— AIM OF THE TASK —
Each record below needs to be reproduced precisely, though not its pictures.

— EXERCISE DATA —
* * *

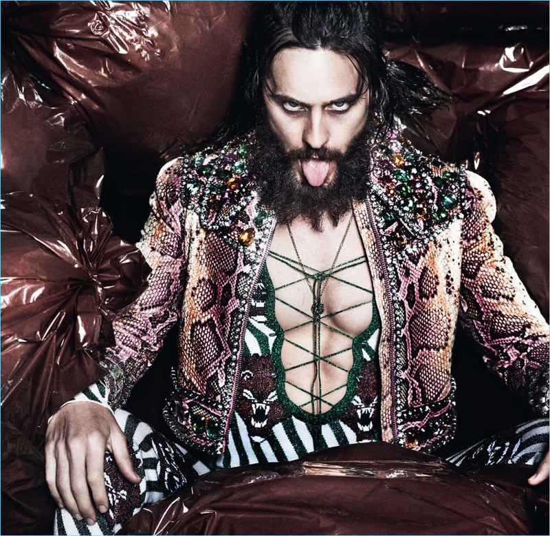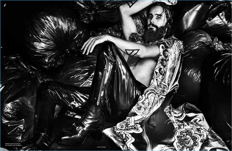 Jared Leto brings a rebellious energy to Man About Town’s latest issue. The muli-talented singer and actor connects with photographer Mario Testino for a glam rock photo shoot. Testino captures Leto with the help of stylist James Valeri. Continuing Leto’s relationship with Gucci, Valeri styles the entertainer in pieces from the Italian fashion house.
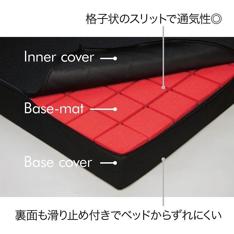 通気性の高い生地を使ったベースカバー。裏面はズレにくい滑り止め付き。
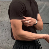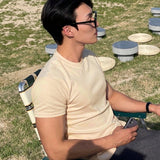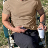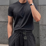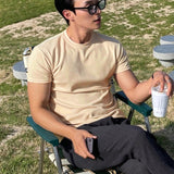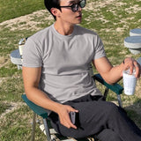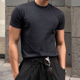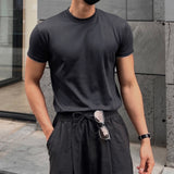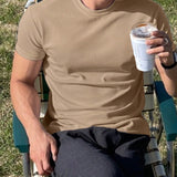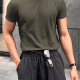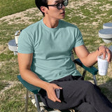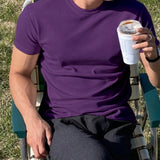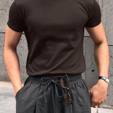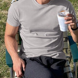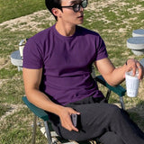Hombres camiseta algodon unicolor de cuello redondo
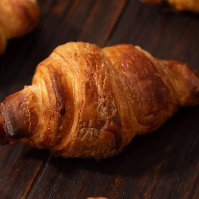 Massa de croissant artesanal, leve e delicada, com camadas douradas e crocantes, preparada com manteiga de alta qualidade que garante sabor único e irresistível.
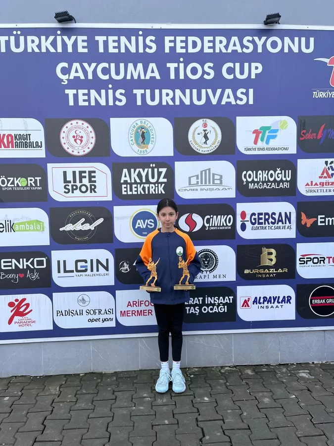Osmangazi Belediyespor Tenis Takımı sporcularından Azra Özyardımcı, Ulusal 12 Yaş Kış Kupası'nda çifte başarıya imza attı.

* * *

— RESULT OF THIS EXERCISE —
 Jared Leto brings a rebellious energy to Man About Town’s latest issue. The muli-talented singer and actor connects with photographer Mario Testino for a glam rock photo shoot. Testino captures Leto with the help of stylist James Valeri. Continuing Leto’s relationship with Gucci, Valeri styles the entertainer in pieces from the Italian fashion house.
 通気性の高い生地を使ったベースカバー。裏面はズレにくい滑り止め付き。
Hombres camiseta algodon unicolor de cuello redondo
 Massa de croissant artesanal, leve e delicada, com camadas douradas e crocantes, preparada com manteiga de alta qualidade que garante sabor único e irresistível.
Osmangazi Belediyespor Tenis Takımı sporcularından Azra Özyardımcı, Ulusal 12 Yaş Kış Kupası'nda çifte başarıya imza attı.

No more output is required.